WHAT YOU NEED TO DO → Leave out the pictures and output exactly the lines below from the one with "- Với công thức" down to the one with "Серия графических листов", both of them included.

───── INFORMATION

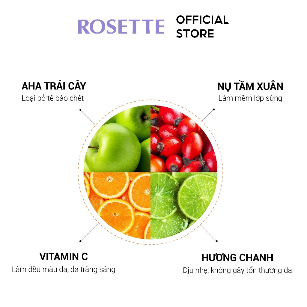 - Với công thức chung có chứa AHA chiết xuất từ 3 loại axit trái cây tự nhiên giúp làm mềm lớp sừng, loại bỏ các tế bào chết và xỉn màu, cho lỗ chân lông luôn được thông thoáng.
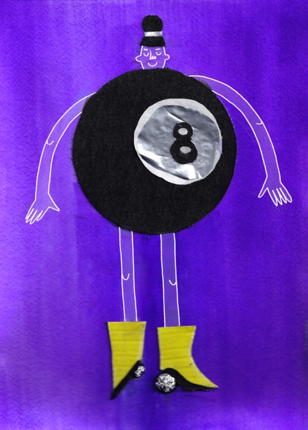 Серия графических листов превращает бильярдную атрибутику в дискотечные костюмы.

──────────
───── INFORMATION

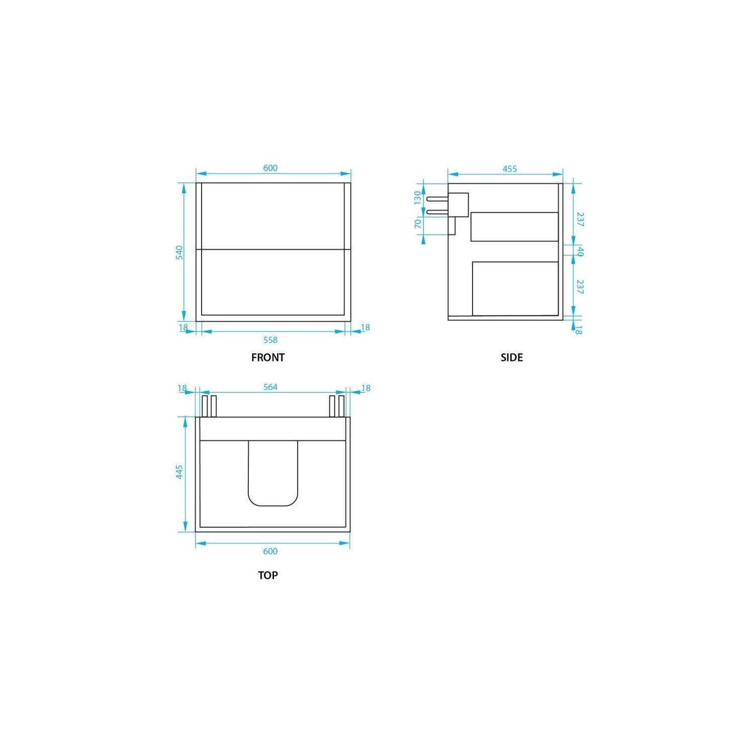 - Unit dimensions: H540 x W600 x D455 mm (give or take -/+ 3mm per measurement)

──────────

ANSWER SPACE →
 - Với công thức chung có chứa AHA chiết xuất từ 3 loại axit trái cây tự nhiên giúp làm mềm lớp sừng, loại bỏ các tế bào chết và xỉn màu, cho lỗ chân lông luôn được thông thoáng.
 Серия графических листов превращает бильярдную атрибутику в дискотечные костюмы.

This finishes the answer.